--- START ---

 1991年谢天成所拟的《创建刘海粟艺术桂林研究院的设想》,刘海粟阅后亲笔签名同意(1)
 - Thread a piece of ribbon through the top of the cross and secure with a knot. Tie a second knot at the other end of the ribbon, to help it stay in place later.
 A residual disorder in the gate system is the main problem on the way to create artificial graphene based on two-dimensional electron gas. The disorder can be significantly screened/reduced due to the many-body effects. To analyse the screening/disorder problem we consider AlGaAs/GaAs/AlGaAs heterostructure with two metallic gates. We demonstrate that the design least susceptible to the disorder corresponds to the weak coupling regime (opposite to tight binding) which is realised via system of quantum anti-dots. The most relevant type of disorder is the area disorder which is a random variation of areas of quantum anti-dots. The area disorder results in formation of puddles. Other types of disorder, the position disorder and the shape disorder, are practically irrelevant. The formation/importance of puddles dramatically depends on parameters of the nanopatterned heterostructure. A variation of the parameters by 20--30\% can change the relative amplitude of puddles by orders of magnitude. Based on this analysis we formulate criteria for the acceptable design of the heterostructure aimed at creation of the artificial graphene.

--- END ---
--- START ---

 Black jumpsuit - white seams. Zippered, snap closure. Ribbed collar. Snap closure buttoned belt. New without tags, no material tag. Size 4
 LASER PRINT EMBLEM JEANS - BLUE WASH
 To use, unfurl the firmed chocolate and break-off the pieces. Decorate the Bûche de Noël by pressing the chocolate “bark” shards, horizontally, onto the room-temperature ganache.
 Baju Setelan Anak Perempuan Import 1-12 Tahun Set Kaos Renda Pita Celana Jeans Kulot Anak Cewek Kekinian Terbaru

--- END ---

§ To do: Lines to set down from above: the line with "To use, unfurl", the line with "Baju Setelan Anak", and every line between, each exactly as written.

§ Answer space:
 To use, unfurl the firmed chocolate and break-off the pieces. Decorate the Bûche de Noël by pressing the chocolate “bark” shards, horizontally, onto the room-temperature ganache.
 Baju Setelan Anak Perempuan Import 1-12 Tahun Set Kaos Renda Pita Celana Jeans Kulot Anak Cewek Kekinian Terbaru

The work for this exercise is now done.